By Chelsea Karnash
PHILADELPHIA (CBS) – College is about learning and classes for sure, but there’s a strong undercurrent of drinking, experimentation and, of course, sex.
While there has been much written about “college hook-up culture” (including a recent and controversial Times article that focused on Penn), new research from New York University might just be the most interesting — and potentially worrisome — yet.
Researcher Jonathan Marc Bearak, a doctoral student in sociology, conducted the study using information from the Online College Social Life Survey, which contains data from students at 21 universities across the country on more than 10,000 hookups that was gathered between 2005 and 2011.
Using that data, Bearak uncovered several surprising things.
First, sex during a hookup becomes nearly twice as likely between freshman year and senior year of college. For women, the probability of sex during a hookup increases from 27% freshman year to 43% senior year. Among men, that percentage jumps from 33% freshman year to 52% senior year.
Second, condom use during those hookups drops by about 40% between freshman year and sophomore year before stabilizing. The probability of unprotected casual sex increases from 7% to 16% among women between freshman and sophomore year, and from 6% to 15% among men during the same time period.
“A fairly rapid normalization of unprotected casual sex occurs between the freshman and sophomore years, and thereafter condom use in coital hookups decreases little,” Bearak says.
Finally, condom rates are lowest among first year students with the most highly educated mothers.
“Students from highly educated backgrounds use condoms at a lower rate, relative to their peers, in the first year of college. These students continue to use condoms at approximately the same comparatively low rate later on,” Bearak writes. “Students from less educated families, in contrast, use condoms more consistently during year 1, but thereafter quickly adopt the behaviors typically exhibited by their peers from more highly educated backgrounds.”
Bearak says one reason for this could be that college students from higher educational backgrounds perceive the pool of sexual partners on campus as a sort of “safe zone” or feel like worries about sexually transmitted diseases don’t apply to them.

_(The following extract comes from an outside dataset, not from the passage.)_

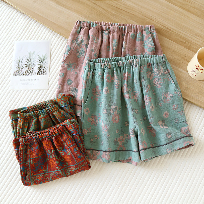 Pajama Pants Women’s Summer Pure Cotton Gauze Shorts Vintage Yarn-dyed Printed Home Pants Thin Loose Beach Pants for Outer Wear
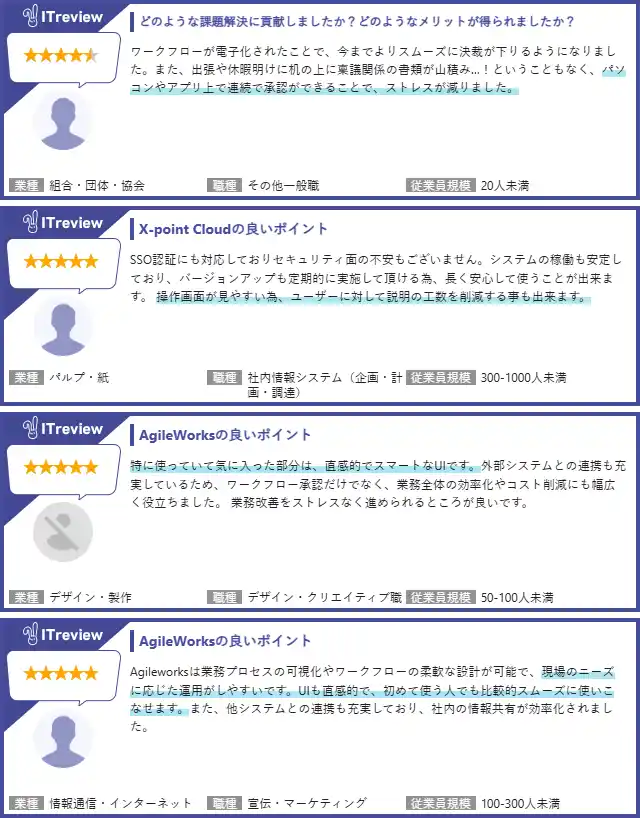 直感的に操作できる画面等からくる現場への定着のしやすさなどをご評価いただき、高い満足度につながりました。これまでにユーザーの皆さまから投稿いただいたレビューの一部をご紹介いたします。 |

Interestingly, he says that, while there are significant differences in rates of condom use for those from different educational backgrounds during freshman year, students from lower educational backgrounds adopt the practices of their peers after their first year in school, suggesting they, too, might eventually be lulled into feeling “safe” in choosing partners who are also college students.
Bearak says his findings could have implications for health and social policy, and that his results suggest the college environment greatly affects undergraduates’ behavior when it comes to sex.